→ **Goal of the exercise**
Transcribe all records exactly; omit pictures.

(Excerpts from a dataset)
=== Section Start ===
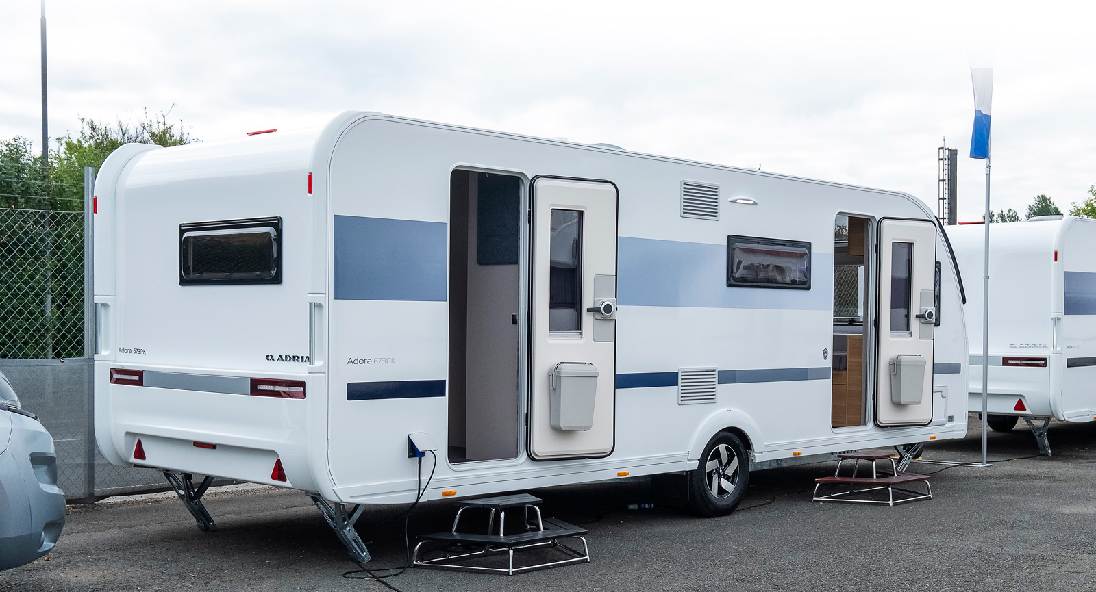 Tänk om tonåringar kunde smyga ut från husvagnen utan att väcka föräldrarna! Nu är det möjligt tack vare Adria Adora 673 PK som har en extra entré. Häng med in i en enkelaxlad familjehusvagn med sju bäddar och dubbla ytterdörrar!
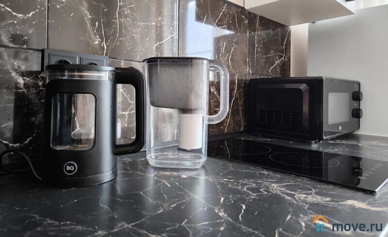 • Полностью оборудованная кухня: плита, посуда, микроволновка, чайник, холодильник.
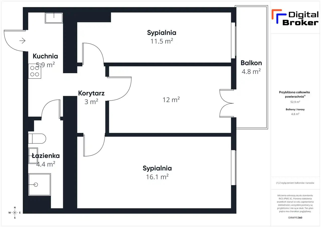 - Charakterystyka mieszkania 51.59 m2, 3 pokoje
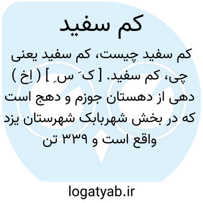 کم سفید. [ ک َ س ِ ] ( اِخ ) دهی از دهستان جوزم و دهج است که در بخش شهربابک شهرستان یزد واقع است و 339 تن سکنه دارد. ( از فرهنگ جغرافیایی ایران ج 10 ).
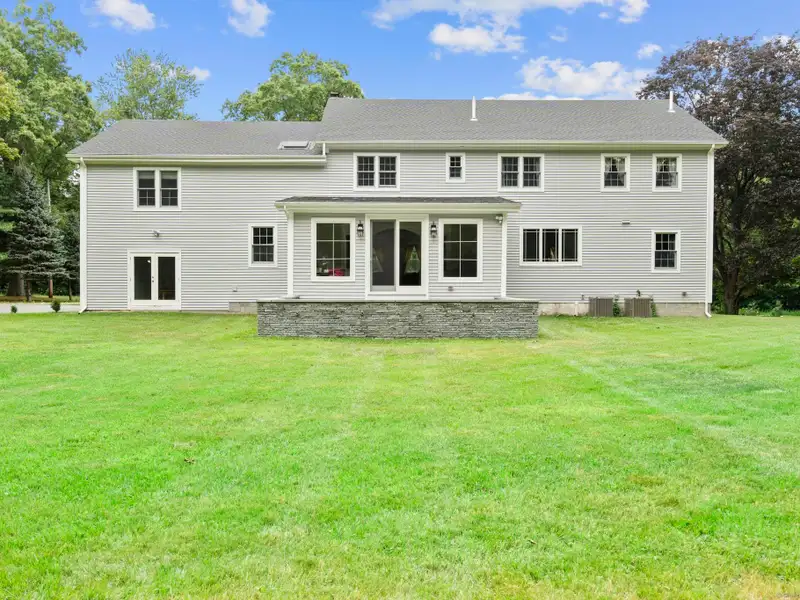 - Bluestone patio with large flat backyard
=== Section End ===
→ **Written response**
 Tänk om tonåringar kunde smyga ut från husvagnen utan att väcka föräldrarna! Nu är det möjligt tack vare Adria Adora 673 PK som har en extra entré. Häng med in i en enkelaxlad familjehusvagn med sju bäddar och dubbla ytterdörrar!
 • Полностью оборудованная кухня: плита, посуда, микроволновка, чайник, холодильник.
 - Charakterystyka mieszkania 51.59 m2, 3 pokoje
 کم سفید. [ ک َ س ِ ] ( اِخ ) دهی از دهستان جوزم و دهج است که در بخش شهربابک شهرستان یزد واقع است و 339 تن سکنه دارد. ( از فرهنگ جغرافیایی ایران ج 10 ).
 - Bluestone patio with large flat backyard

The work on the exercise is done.